5 minutes

Strategy evaluation criteria

Dr..

Alaa Jarad

Garad@alaagarad.com

January 11, 2021

Last week's article dealt with the importance of evaluating the strategy in its three phases, pre, intermediate and subsequent, and usually the subsequent evaluation takes the lion’s share, followed by the interim evaluation, and then at the end the pre-evaluation. In the various sectors, I encountered only four institutions that were concerned with pre-evaluation, to ensure the quality of their strategy and their alignment with implementation, then success was their ally, and they deserve to be called truly learning-driven institutions, as they always sought to obtain internal pre-evaluation through their cadres, and external from Through competent experts and neutral parties.

Seymour Tiles, one of the most important professors of strategy evaluation, says that if we agree that the strategy is simply a set of goals and plans for an organization, despite the simplicity of the definition, agreeing on a roadmap, in which all managers in the organization believe, and insist on It's not easy to implement.

Consequently, Tails sets six main criteria that can be relied upon in the pre-evaluation of the strategy to avoid its failure. These criteria are:

First: Internal consistency, which means the existence of policies that support and support that strategy, and the harmony of those policies with each other, for example when the strategy depends to a large extent on the human element in implementation, and there are no appropriate policies to empower workers, educate them, or appreciate their efforts, then the strategy will not succeed, due to the absence Pivotal policies.

Second: Consistency and suitability with the external environment, because the institution does not operate in isolation from the external environment, so it must be ensured that the surrounding challenges and threats are studied. For example, if the strategy depends on the existence of an advanced digital infrastructure, is that available .. and to what extent?

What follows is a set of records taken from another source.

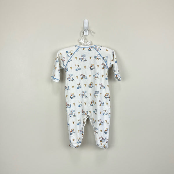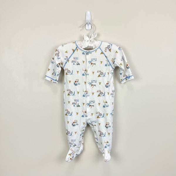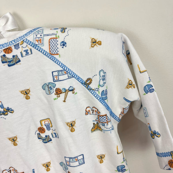 Kissy Kissy Sports Footie. Baby boy size 6-9 months. Super soft pima cotton one piece outfit. White with assorted sports equipment - soccer balls, baseball bats, and more. Snaps down the center for easy on/off. Maybe super faint discoloration at neck (see photo), but otherwise great condition. Perfect for sleep or play!
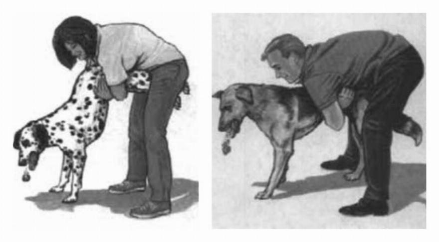 - Εάν ο σκύλος σας εξακολουθεί να πνίγεται και είναι μεγαλύτερος σκύλος, σηκώστε τα πίσω πόδια του ώστε να είναι σε «πόζα τροχού» ή σε στάση χειρός. Αν είναι μικρόσωμος σκύλος, μπορείτε να τα σηκώσετε και να τα κρατήσετε ανάποδα με τη μύτη τους να δείχνει προς το έδαφος. Ενώ ο σκύλος σας είναι ανάποδα, πιέστε σταθερά τα χέρια σας στην κοιλιά του σκύλου σας από κάτω αλλά προς τα πλευρά πέντε φορές. Εναλλακτικά, μπορείτε να τυλίξετε τα χέρια σας γύρω από την κοιλιά του σκύλου σας ακριβώς κάτω από τα πλευρά και να σπρώξετε τη γροθιά σας προς τα πάνω στην κοιλιά και προς τα πλευρά. Αυτός είναι ο ελιγμός Heimlich για σκύλους και αναγκάζει το διάφραγμα να συμπιέσει τους πνεύμονες και να σπρώξει τον αέρα έξω από την τραχεία σε μια προσπάθεια να απομακρύνει ό,τι έχει κολλήσει.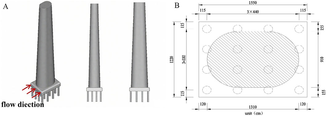 Figure 1. Schematic diagram of the complex pier: (A) 3D view of the complex pier, (B) Detailed dimensions.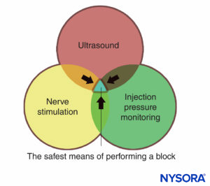 FIGURE 1. Three modes of monitoring peripheral nerve blocks for patient injury. The overlapping area of all three (blue area) represents the safest means of performing a block.
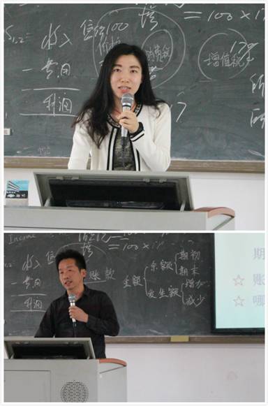 第二位授课教师是审计教研室的田婧老师,田老师讲授的课程是《初级财务会计学》,讲授内容为:第四章:账目与复式记账,其中包括:账目与会计科目、复式记账原理等内容。授课结束后,由周赛林老师为她点评,周教师指出:田老师对概念讲述详细,语言表达清晰,同时善于理论联系实际,同时也指出她的不足之处,希望她能够在教学中突出对方法适用性区分的讲解。
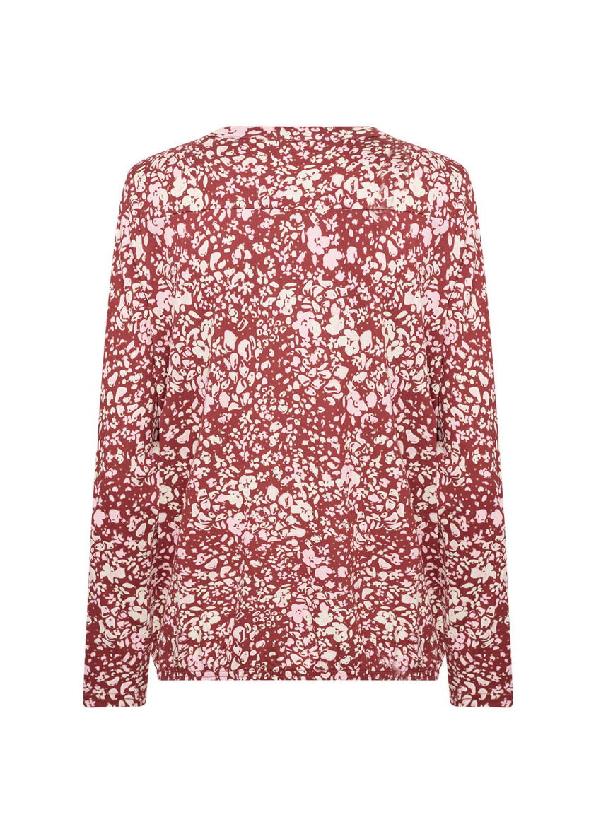 Soyaconcept bluse i et yndefuldt blomster print i et flot mix af rosa og røde nuancer. FELICITY blusen er med v-halsudskæring, stolpeluk og lange ærmer.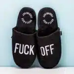 Bist du nicht in bester Stimmung, wenn du gestresst bist? Warne dein Liebes durch das Tragen der Fuck Off Hausschuhe von Fisura. Diese lustigen Pantoffeln haben auf dem rechten Fuß „Fuck“ und auf dem linken „Off“ stehen. Unter der Ferse im Inneren steht auch noch der Text „Have A Nice Fucking Day“. Tja, die Pantoffeln sind weich, die Botschaft ist es weniger. Du kannst die Pantoffeln in Rosa oder Schwarz bestellen.

There are many examples of companies that invested huge sums in technology that did not reap the benefits, due to the poor digital infrastructure in the country in which the company operates, and government legislation and policies must be considered.

- Third: the appropriateness and availability of the available resources to implement the strategy, as there are strategies that depend on the premise of obtaining funding from one party, and placing all the eggs in one basket, and the donor may not fulfill the funding.

Fourth: The appropriate degree of risk, there is no work without risks, but the institution must be well aware of its ability to accept the degree of risk, and whether it has acceptance of high risks, medium risks, or only simple risks.

Fifth: The appropriate time range, and here the size of the organization plays an important role, as the decision-making process in large enterprises takes longer than medium and small enterprises, as well as the time to introduce the product to the market plays a fundamental role in competition and the success or failure of the strategy.

And finally: the feasibility of the strategy, and you can simply take the opinion of neutral experts on the success of that strategy.

Of course, there are many management tools that, if used effectively, help in weaving the strategy from the start.

No business is without risk, but the organization must be well aware of its ability to accept the degree of risk.